Les nouvelles ne sont pas bonnes vues de l’Occident. Mais je crois beaucoup en la notion de point de vue, pour ce qui est des informations. Là-bas, la vie continue. C’est ce que me dit Salia, c’est ce que me dit Tristan. Je ne réalise pas vraiment que je pars là-bas. Et je ne réalise pas non plus l’ampleur de cette ville, son intensité. Nous irons voir les derviches, le sphinx, les marchés, en logeant dans un appartement sur le Nil. Allons-y.
2 février 2014
Je vais déjeuner à l’Institut français avec Tristan. En attendant, je me balade et traverse une ruelle. Un gamin arrive derrière moi en vélo avec de la musique à fond et me crie Money, money, money, money, comme un aliéné, sans s’arrêter. Je repense à ce que m’avait dit Tristan, à cette époque de la révolution où la police avait trop peur pour faire régner l’ordre, et où le Caire était truffé de bandes d’enfants de huit ans qui faisaient la loi. Je commence à très légèrement paniquer, je lui dis que non, Khalass, no money, et il finit par s’en aller quand on atteint la rue principale. Faut vraiment que j’arrête avec les ruelles.
Je retrouve Tristan. Il me fait visiter l’IFAO (Institut Français d’Archéologie Orientale) dont il a longtemps été le directeur au Caire. C’est un ancien palais royal reconverti en centre de recherche après maints changements de propriétaire et maintes reconstructions. Puis on va boire un jus de fruit sur une terrasse pleine de mouches et on file manger du poulet au basilic à la cantine de l’Institut. Tristan me raconte des histoires, on parle de voyage. Il me raconte cet instant au Yémen, lorsque depuis le sommet d’une tour où il fumait une chicha avec un ami, il a vu la courte pluie de mousse prendre fin, l’énorme soleil se coucher, et l’appel à la prière résonner dans les rues de terre sèche. Il me dit qu’il n’a jamais été à Samarcande mais que c’est au programme.

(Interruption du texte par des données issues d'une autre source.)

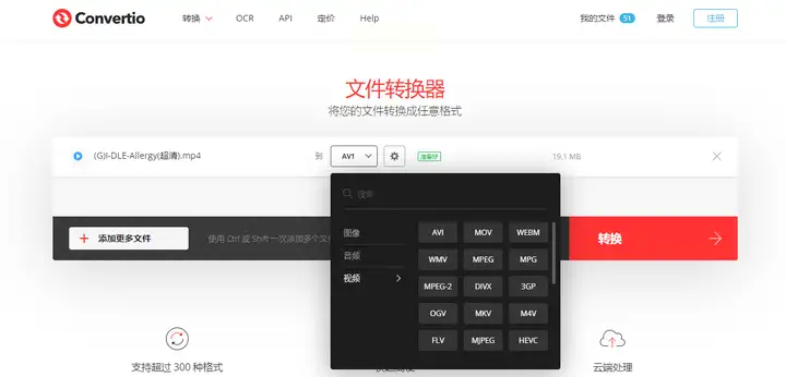 Convertio提供简单易用的在线文件转换服务,支持多种视频格式互转。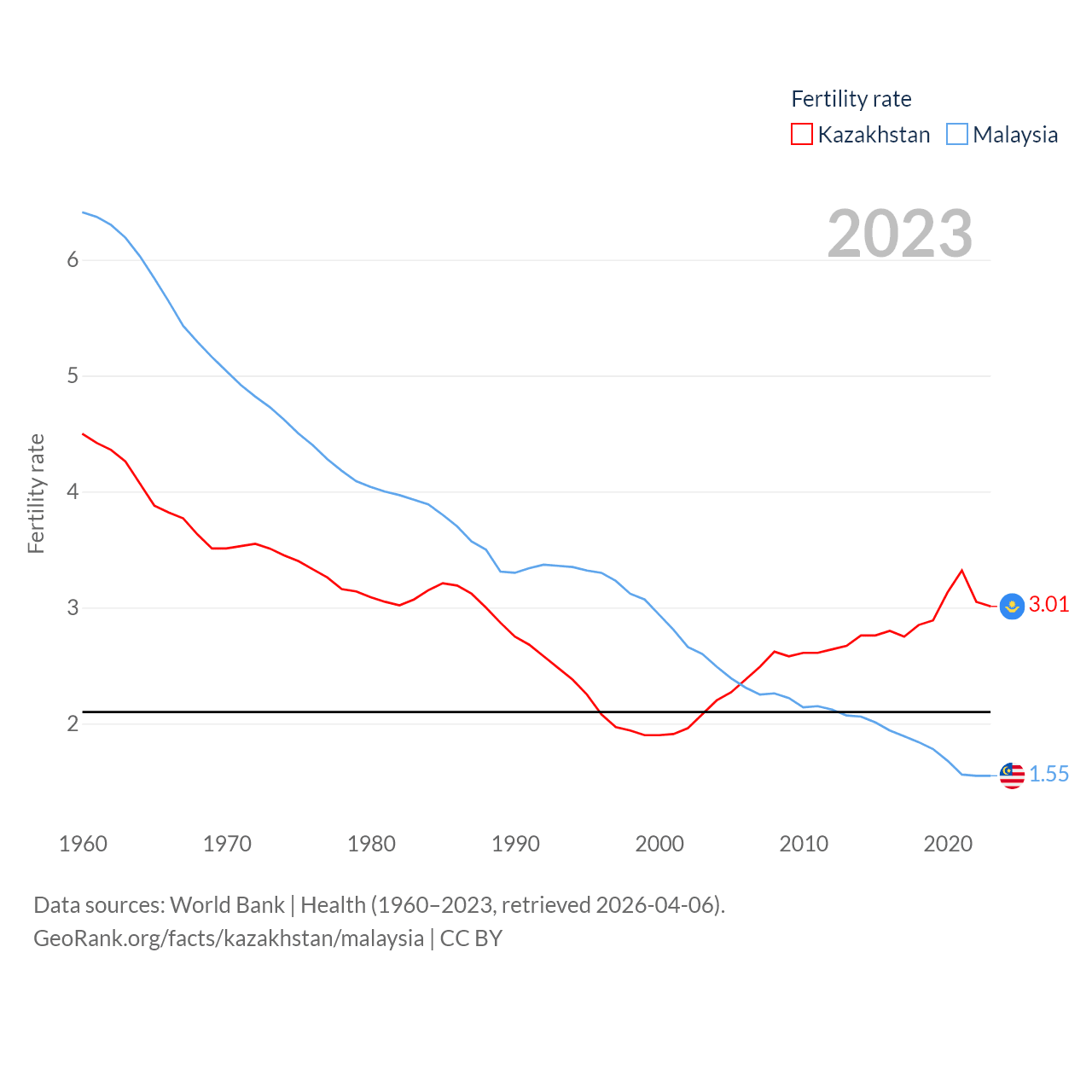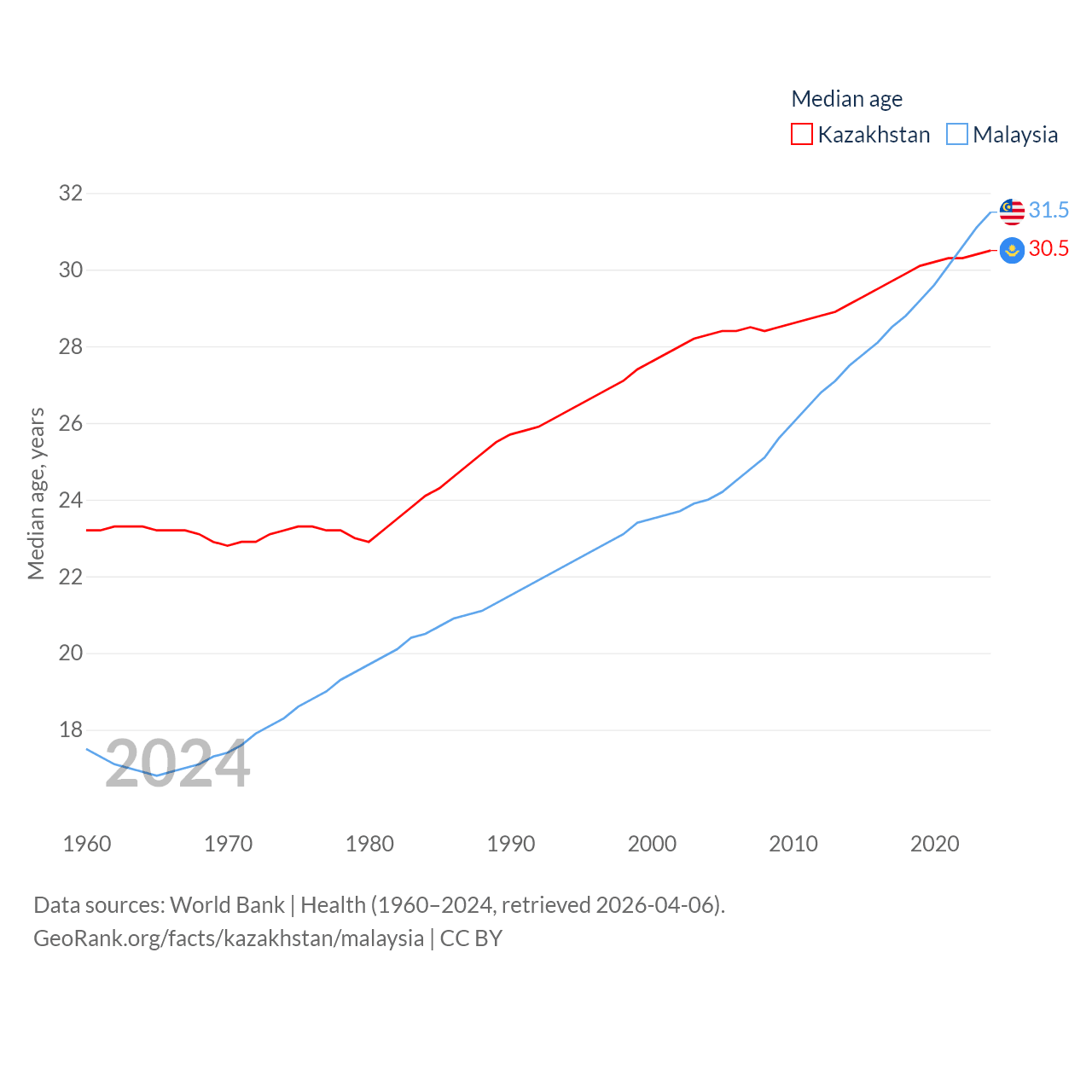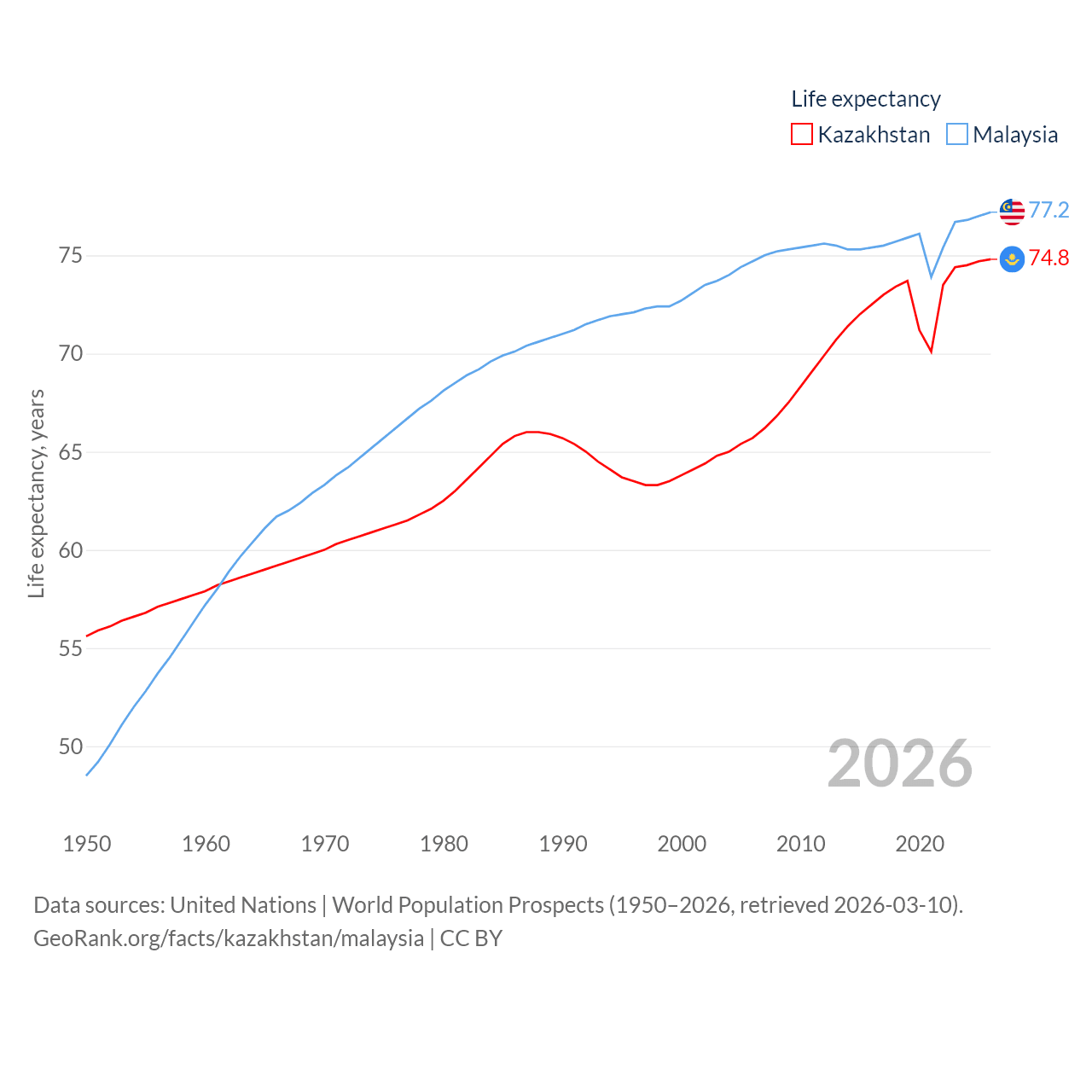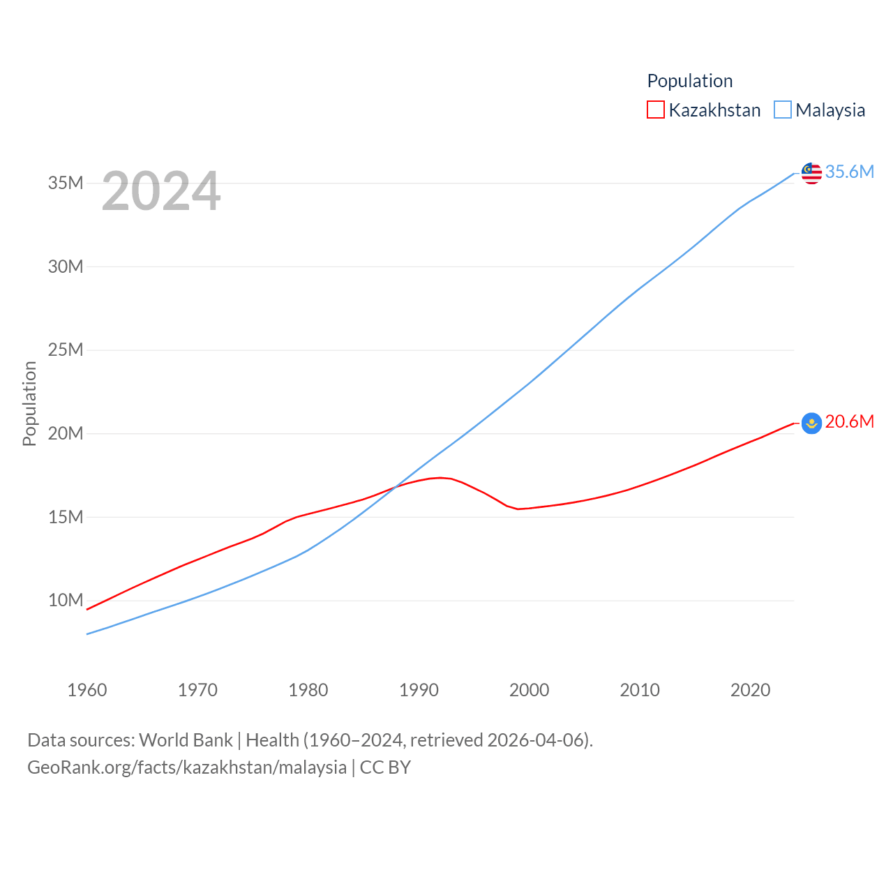 Kazakhstan has a population of 20.6M (ranked 64/197), compared with 35.6M in Malaysia (ranked 44/197). Kazakhstan's land area is 1,042,360 sq mi versus 126,854 sq mi for Malaysia (ranked 9th vs. 65th).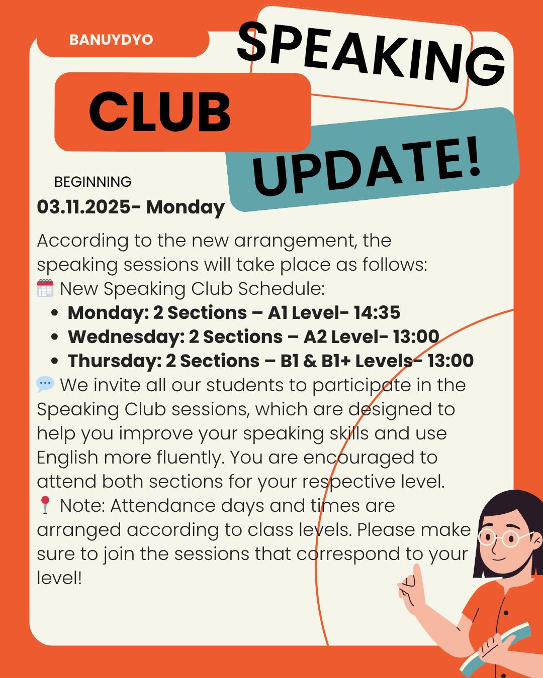 🗓️ New Speaking Club Schedule: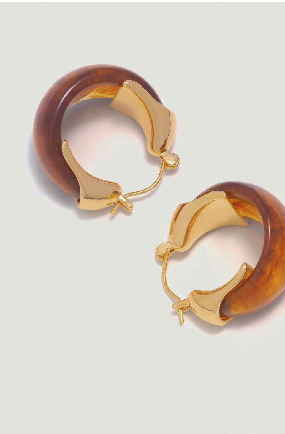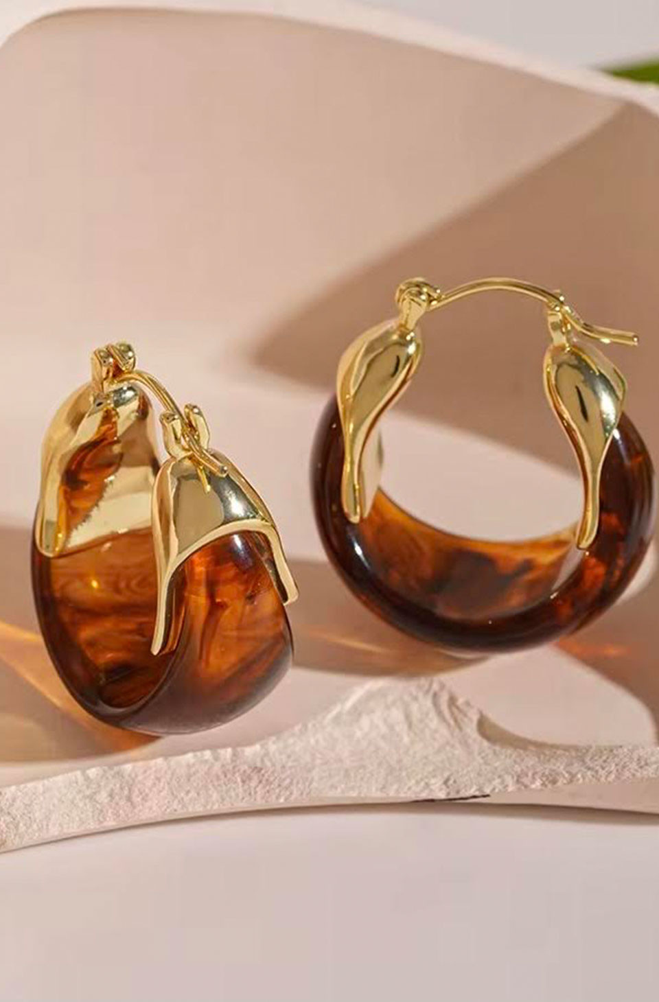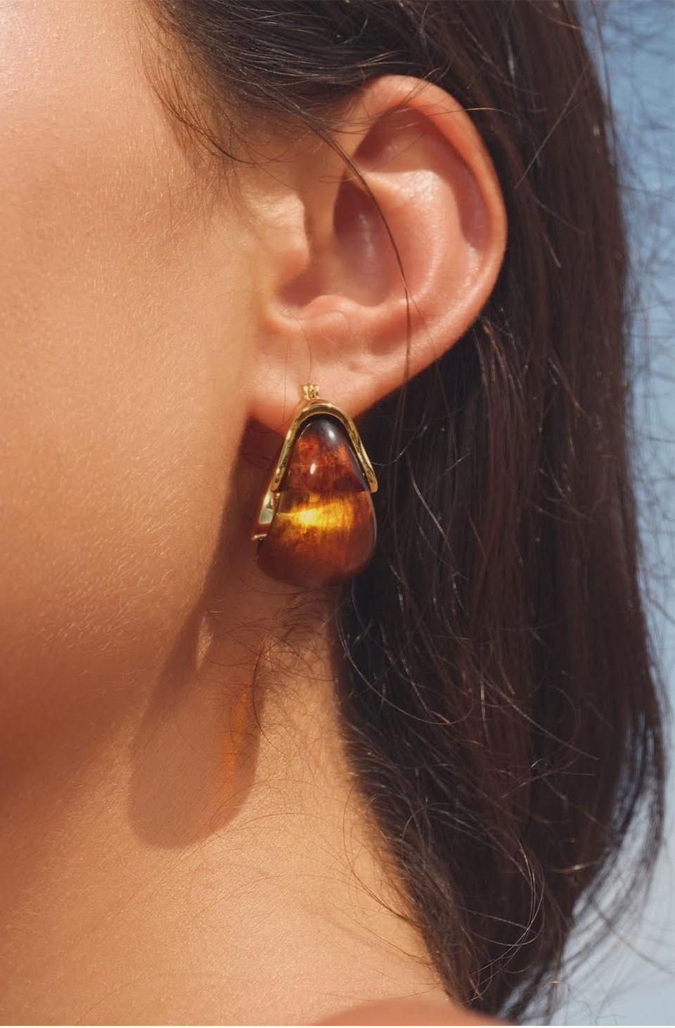 Pendientes aro ámbar y oro — diseño escultural y sofisticado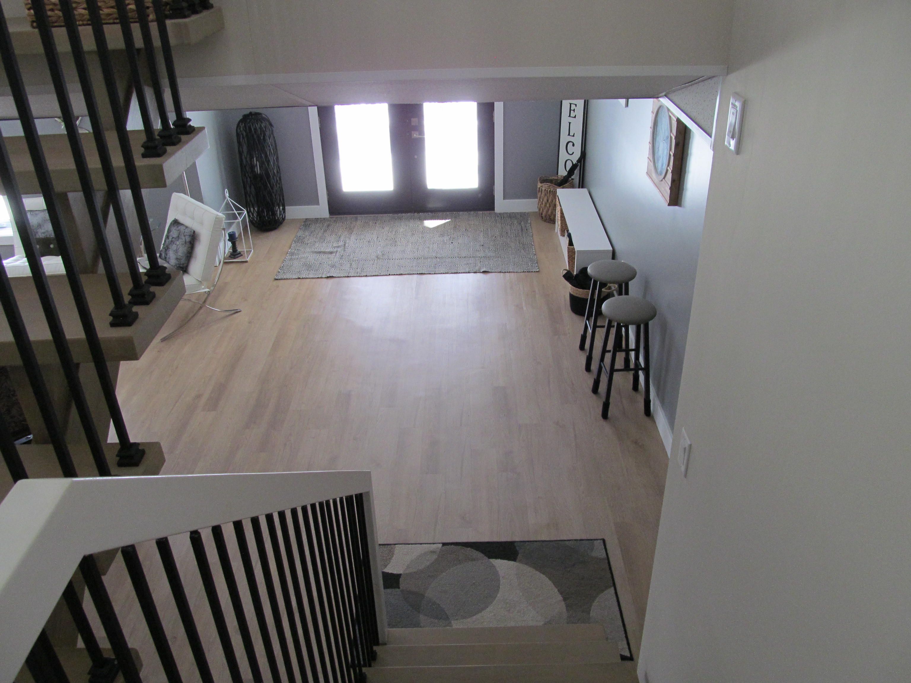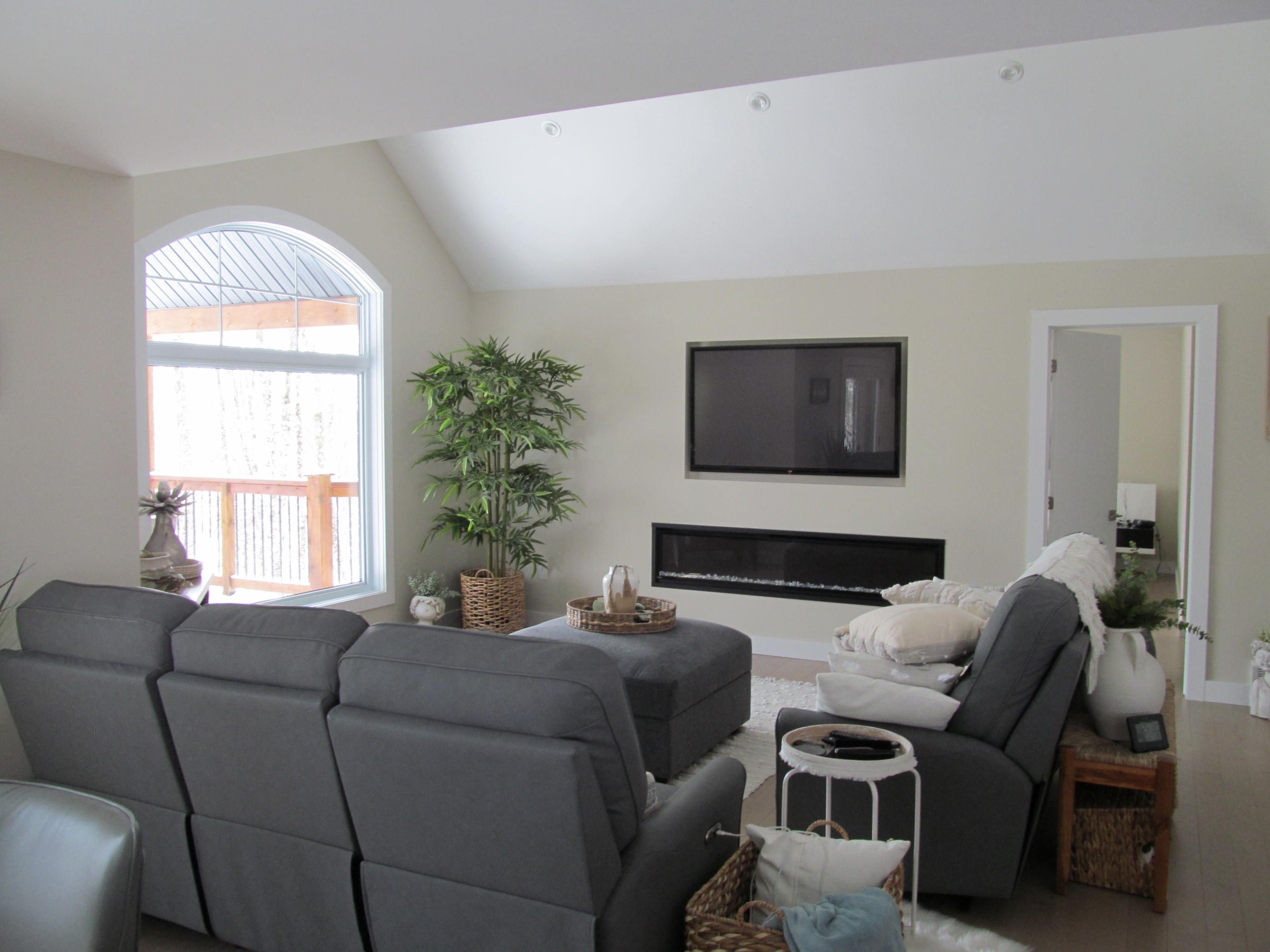 • Open concept living room features a cathedral ceiling for spaciousness.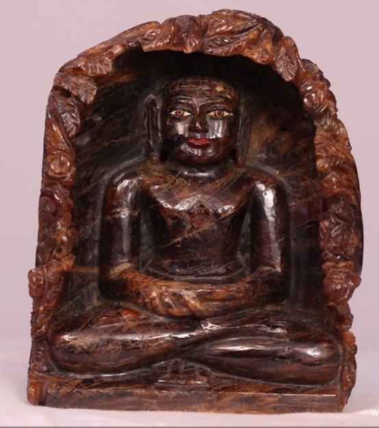 A brown magnificent Zircon rock captured as a "Darshaniya" Tirthankar statue. Hands well placed together with a perfect "Padmasan" posture

Nous nous séparons et je retrouve Salia. Nous prenons un taxi pour la mosquée Ibn al Tulun. Encore une fois, nous sommes seuls, absolument seuls. Le type des chaussures ne garde pas nos chaussures comme d’habitude, mais il nous enfile d’étranges housses à chaussures sur les chaussures. La mosquée est magnifique, un peu ternie par les siècles mais magnifique. L’absence totale de tourisme et l’état désastreux des finances du pays n’encouragent pas spécialement la restauration des monuments. Nous montons au sommet du minaret, 46 mètres de haut, vieux de plus d’un millénaire. Je gravis les fines marches quatre à quatre, espérant arriver en haut à temps pour entendre résonner la ville au son de l’appel à la prière. À mi-chemin, j’entends le premier muezzin qui entonne son appel. Je cours de plus belle, entre les deux murs qui me cachent la vue. Je débouche à l’air libre, et là c’est le choc, essoufflé. Toute la ville est sous mes yeux, moi qui suis perché à 50 mètres de haut, et je tourne autour du minaret, sur son étroite plateforme, les yeux et les poumons haletants. 360 degrés d’un panorama hallucinant : de la Citadelle de Saladin jusqu’aux pyramides. C’est donc à ça que s’adresse un muezzin cinq fois par jour.
On redescend, les jambes tremblantes. Mais le type a poireauté en bas du minaret, la clé à la main. Un petit bakchich s’impose. Est-ce que ce type emmène sa femme regarder les étoiles quand le muezzin dort ? Moi je le ferais.
On part d’Ibn al Tulun, direction chez Mina, à Zamalek. Mina me donne les livres qu’elle m’avait promis et nous offre le thé. Nous rentrons passablement cassés. Demain, un autre jour.